I wrote some code to combine the three datasets, and it turned out that there were 356 shared data points. After that, the Excel file needed to be cleaned up, which involved removing duplicate columns containing information on the county, state, and year. In order to make the data easier to understand, I removed these columns.
To do this, I am researching a variety of tests, including the T-test and Bruesch-Pagan Test. I have a rough T-test code, but I haven’t tried it on the dataset yet.
October 4th daily post
I learned a lot about the bootstrap method while utilizing it for my project. It gave me the opportunity to examine the data from the Centers for Disease Control and Prevention (CDC) in great detail and get insightful knowledge. The bootstrap method’s adaptability and flexibility were among the first things I observed. I could work with my data as it was instead of presuming that it followed a particular distribution, and this freedom was wonderful.
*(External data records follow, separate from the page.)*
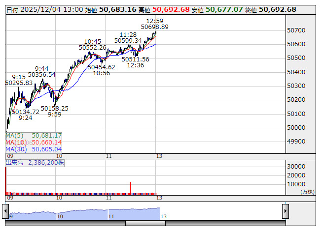 【市況】13時の日経平均は812円高の5万677円、SBGが299.83円押し上げ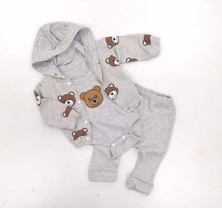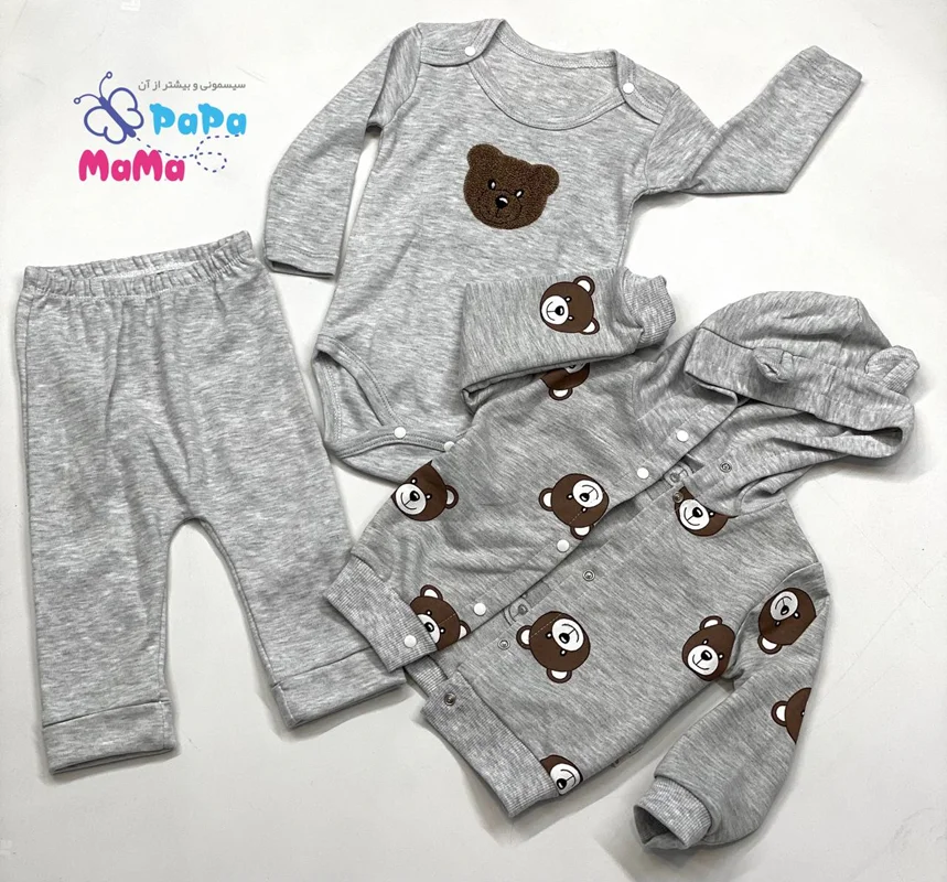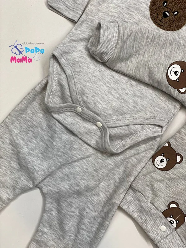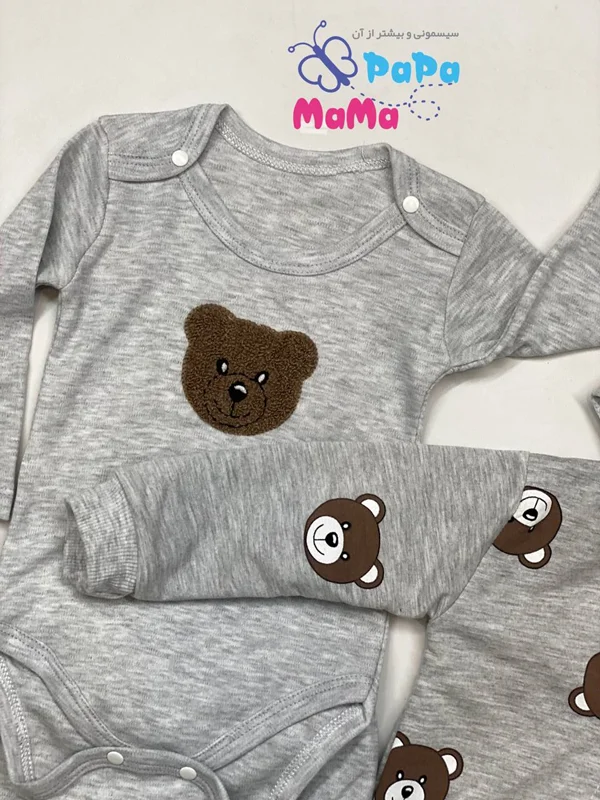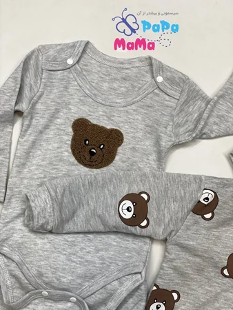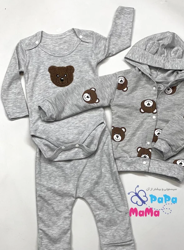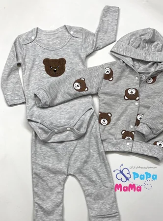 ست 3 تکه خرسی nayinom در فروشگاه ماماپاپالند(mamapapaland.ir) به صورت حضوری و اینترنتی قابل تهیه است.این ست دارای یک بادی آستین بلند یک شلوار و یک سوئیشرت است که مناسب فصل های سرد سال است. بادی این محصول دارای یک طرح گلدوزی شده خرس است که در سه سایز قابل سفارش است.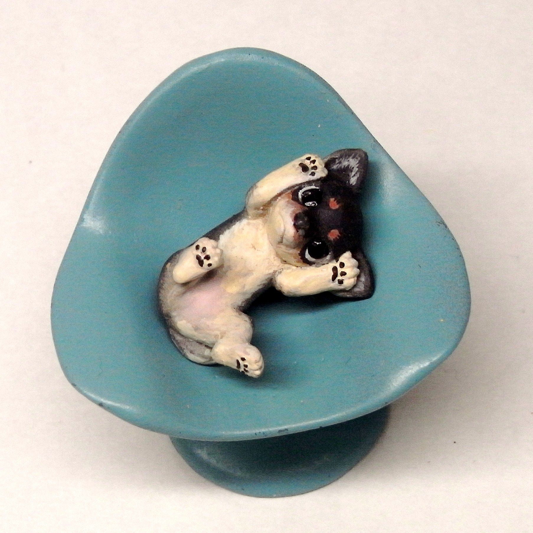 チェアーの大きさ4センチ、犬の大きさは3センチ程のちいさな作品です。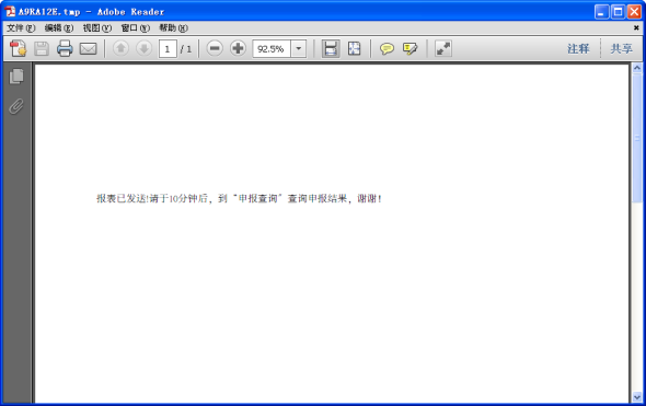 (4)提交成功后会出现以下提示,至此网上申报数据提交工作已完成,然后可到查询页面查询申报处理结果。

The complexity of real-world data struck me as I began the data preprocessing phase. There were several different data formats to deal with. But I discovered that the bootstrap approach gave me an efficient way to deal with these difficulties.
10-02-2023
Using a variety of criteria, including the physical environment, transportation, economics, and food access, I tried to build a model based on equation i. in the current analysis to predict inactivity and obesity. However, I’m running into a problem where the R2 values are less than the equation’s R2 value:
y(diabetes)=(obesity)X1β1+(inactivity)X2β2
Furthermore, I am still debugging some ongoing problems with the code. Separately, because this is an experimental project, I intend to use Weighted Least Squares (WLS) to finish it and investigate ways to improve the model’s accuracy. This will enable me to finish the project.
09-29-2023
Introduction
The accuracy of a prediction model is assessed using the Mean Squared Error (MSE), a metric that is frequently used in the fields of statistics and machine learning. It calculates the mean squared difference between the values in the dataset that are actual and those that are predicted. The MSE is a useful metric for assessing the quality of regression models since a lower MSE indicates a better fit of the model to the data.
Example
In this practical example, we assess the regression model’s precision using the mean square error (MSE) measure to estimate property values based on square footage. We determined the squared error for each observation using a data set that contained five data points with the true value and the matching estimate by taking the square of the difference between the predicted value and the true value. Finally, we get the MSE by averaging these squared errors. The determined MSE of 440,000 in this scenario provides a quantitative assessment of how well the model tracks actual home price trends, with lower values suggesting a better fit. This graph demonstrates how MSE can be used to estimate and fit regression models for precise predictions.
09-27-2023
The k-fold method of cross-validation is a way for assessing how well a machine learning model is working. In this method, the dataset is split into ‘k’ equal-sized subsets or folds. The process is repeated ‘k’ times, with a new fold being used for validation each time. The model is trained on ‘k-1’ folds and validated on the final one. Once the findings have been averaged, a single performance metric is obtained.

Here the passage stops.